Long Short Term Memory/
│
├── LSTM-Model/
│   ├── main.py                 ← Training loop, epoch management, weight save/load, plot generation
│   ├── model.py                ← LSTM forward pass, backward pass, weight initialisation, loss function
│   ├── data.py                 ← Shakespeare loader, character mappings, one-hot encoder, sequence builder
│   ├── generate.py             ← Text generation: seed priming + character-by-character sampling
│   ├── weights.py              ← JSON serialisation and deserialisation of full model state
│   ├── config.py               ← All hyperparameters and file paths in one place
│   └── shakespeare.txt         ← Full Shakespeare corpus (~1.1 MB)
│
├── Backend/
│   ├── matrix.c                ← C implementation of all matrix and activation operations
│   ├── matrix.dll              ← Compiled shared library (Windows); loaded via ctypes at runtime
│   └── matrix.py               ← Python ctypes wrapper — maps every C function to a Python-callable
│
├── weights/
│   └── weights_2layer.json     ← Full serialised model checkpoint (weights + epoch + LR)
│
├── Images/
│   ├── Architecture.png        ← Network architecture diagram
│   ├── loss.png                ← Cross-entropy loss curve over training
│   └── accuracy.png            ← Character-prediction accuracy curve over training
│
└── README.md

Installation & Setup

Ensure Python 3.x is installed. Install the two lightweight dependencies used only for plotting and data display:

pip install matplotlib

No other packages are required. The neural network, all matrix operations, all activations, and all gradient computations run on Python's built-in math and random modules plus the bundled C library.
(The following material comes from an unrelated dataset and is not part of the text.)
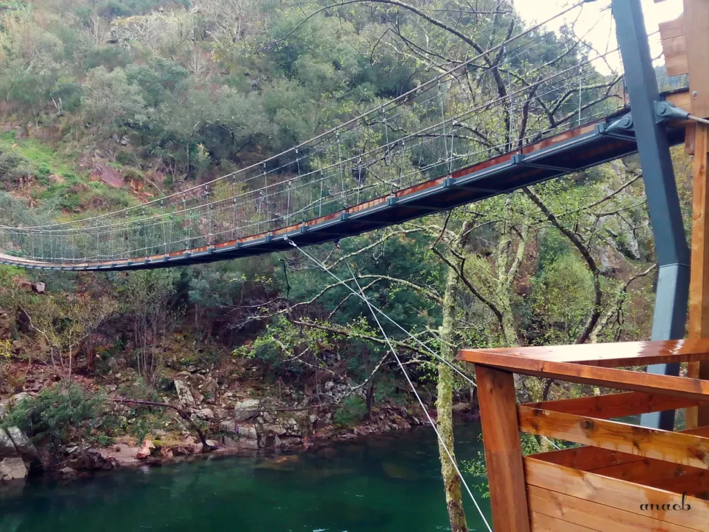 A praia do Vau, mais ou menos a meio do caminho, é outro dos pontos de paragem obrigatória, e a sua ponte suspensa dá ao local um charme irresistível. Percorrê-la é ter a sensação de estar num filme de aventuras, e a perspectiva que se nos oferece do rio é totalmente diferente. Quando está calor, este é o sítio ideal para tomar um belo banho naquele que é considerado um dos rios mais limpos da Europa.

Platform note: The compiled backend (matrix.dll) targets Windows. On Linux or macOS, recompile matrix.c as a shared object:

# Linux
gcc -O2 -shared -fPIC -o Backend/matrix.so Backend/matrix.c

# macOS
gcc -O2 -dynamiclib -o Backend/matrix.dylib Backend/matrix.c

Then update the library path in Backend/matrix.py to point to the new .so / .dylib file.

How to Run

Navigate into the LSTM-Model/ directory and run the training script:

cd LSTM-Model
python main.py

What happens at runtime:

Data loading — shakespeare.txt is read and trimmed to 800,000 characters; a character vocabulary is built and all sequences of length 30 are prepared as input–target pairs
Initialisation — if weights/weights_2layer.json exists, the full model state is loaded and training resumes from the saved epoch; otherwise weights are Xavier-initialised and biases zeroed
Training loop — for each epoch, every sequence is processed one at a time: a forward pass runs through all 30 timesteps, then a backward pass on the final timestep updates all weights; loss and accuracy are logged every 100 sequences and every 1,000 steps
End-of-epoch — full weights are saved to JSON; a 100-character sample seeded with "ROMEO: " is printed to console
Completion — loss and accuracy plots are saved to Images/; five Shakespearean samples are generated from classic seeds

To generate text from a saved checkpoint without retraining:

# Run generate.py directly after loading weights in a short script,
# or interrupt main.py immediately — it loads saved weights before training begins.

Results & Visualisations

Final Epoch Metrics (Epoch 99)

Metric	Value
Per-character Cross-Entropy Loss	`1.2199`
Character-Prediction Accuracy	`63.78%`
Epoch Training Time	`~8 min 15 sec`
Sequences Processed	`~26,600`

Training Curves

Loss over Epochs — cross-entropy measured per character across the full training corpus, showing steady minimisation as the LSTM learns sequence structure.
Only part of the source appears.